## PROBLEM DESCRIPTION
Take the whole listing and reproduce it exactly, pictures excepted.

## SUPPLIED INFORMATION
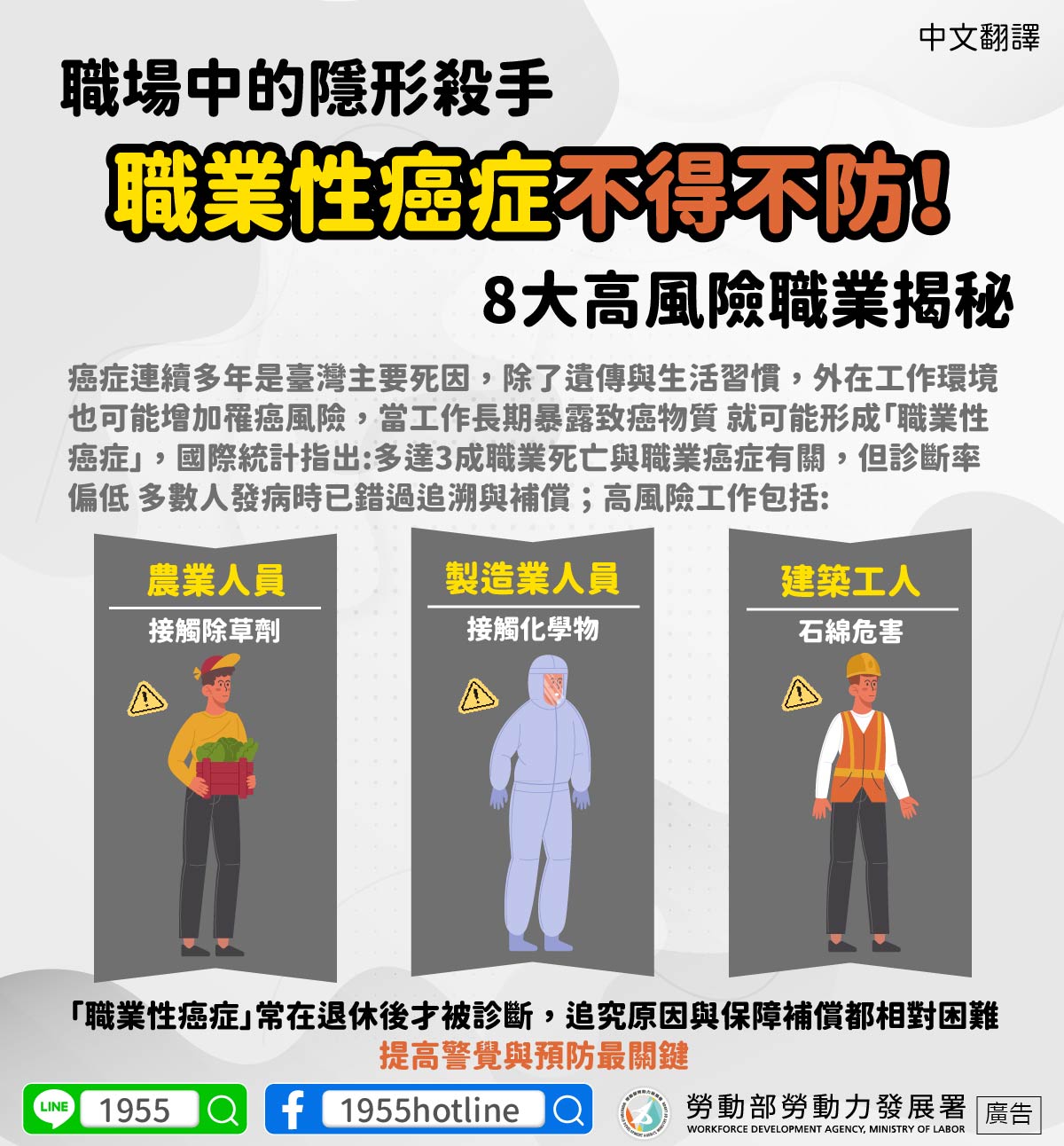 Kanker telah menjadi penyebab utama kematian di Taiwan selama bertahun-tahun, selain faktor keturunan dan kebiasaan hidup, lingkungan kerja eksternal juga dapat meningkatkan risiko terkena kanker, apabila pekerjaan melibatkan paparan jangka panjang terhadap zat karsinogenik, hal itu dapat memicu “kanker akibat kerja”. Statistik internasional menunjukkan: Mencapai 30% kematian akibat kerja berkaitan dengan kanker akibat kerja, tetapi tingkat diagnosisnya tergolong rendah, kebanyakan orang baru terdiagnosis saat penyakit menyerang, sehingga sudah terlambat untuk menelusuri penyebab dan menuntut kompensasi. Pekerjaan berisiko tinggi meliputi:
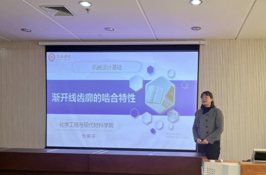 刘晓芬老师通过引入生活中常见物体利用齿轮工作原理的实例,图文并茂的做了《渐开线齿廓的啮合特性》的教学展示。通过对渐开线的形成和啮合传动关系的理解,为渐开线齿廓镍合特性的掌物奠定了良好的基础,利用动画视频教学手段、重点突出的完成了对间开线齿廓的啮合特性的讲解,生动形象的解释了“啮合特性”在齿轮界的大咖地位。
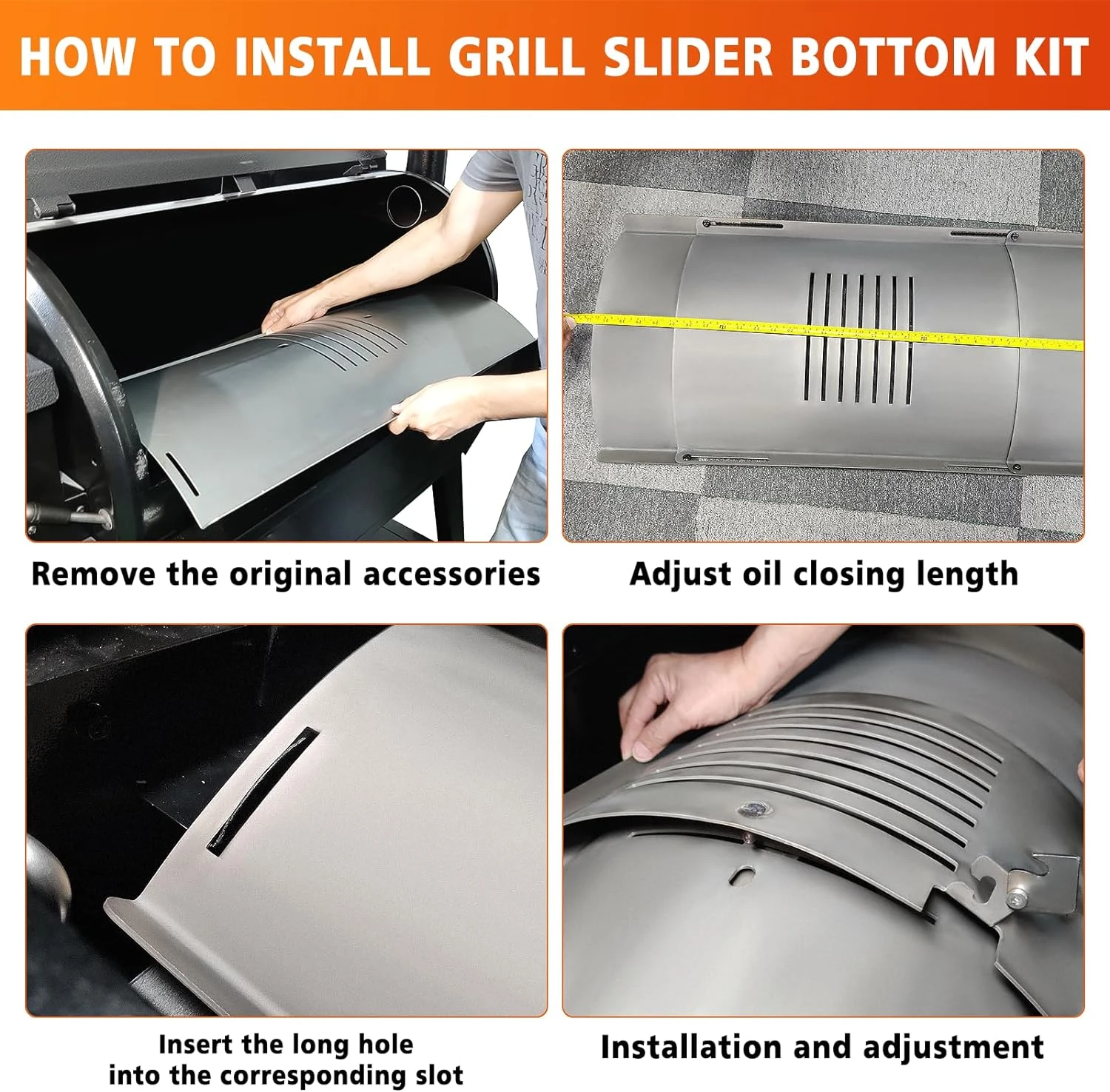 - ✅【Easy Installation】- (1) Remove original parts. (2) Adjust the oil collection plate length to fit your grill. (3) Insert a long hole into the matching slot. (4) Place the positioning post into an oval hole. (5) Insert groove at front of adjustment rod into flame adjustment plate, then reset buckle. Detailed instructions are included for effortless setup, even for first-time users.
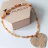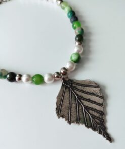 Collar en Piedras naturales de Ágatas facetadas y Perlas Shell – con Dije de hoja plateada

## EXERCISE RESPONSE
 Kanker telah menjadi penyebab utama kematian di Taiwan selama bertahun-tahun, selain faktor keturunan dan kebiasaan hidup, lingkungan kerja eksternal juga dapat meningkatkan risiko terkena kanker, apabila pekerjaan melibatkan paparan jangka panjang terhadap zat karsinogenik, hal itu dapat memicu “kanker akibat kerja”. Statistik internasional menunjukkan: Mencapai 30% kematian akibat kerja berkaitan dengan kanker akibat kerja, tetapi tingkat diagnosisnya tergolong rendah, kebanyakan orang baru terdiagnosis saat penyakit menyerang, sehingga sudah terlambat untuk menelusuri penyebab dan menuntut kompensasi. Pekerjaan berisiko tinggi meliputi:
 刘晓芬老师通过引入生活中常见物体利用齿轮工作原理的实例,图文并茂的做了《渐开线齿廓的啮合特性》的教学展示。通过对渐开线的形成和啮合传动关系的理解,为渐开线齿廓镍合特性的掌物奠定了良好的基础,利用动画视频教学手段、重点突出的完成了对间开线齿廓的啮合特性的讲解,生动形象的解释了“啮合特性”在齿轮界的大咖地位。
 - ✅【Easy Installation】- (1) Remove original parts. (2) Adjust the oil collection plate length to fit your grill. (3) Insert a long hole into the matching slot. (4) Place the positioning post into an oval hole. (5) Insert groove at front of adjustment rod into flame adjustment plate, then reset buckle. Detailed instructions are included for effortless setup, even for first-time users.
 Collar en Piedras naturales de Ágatas facetadas y Perlas Shell – con Dije de hoja plateada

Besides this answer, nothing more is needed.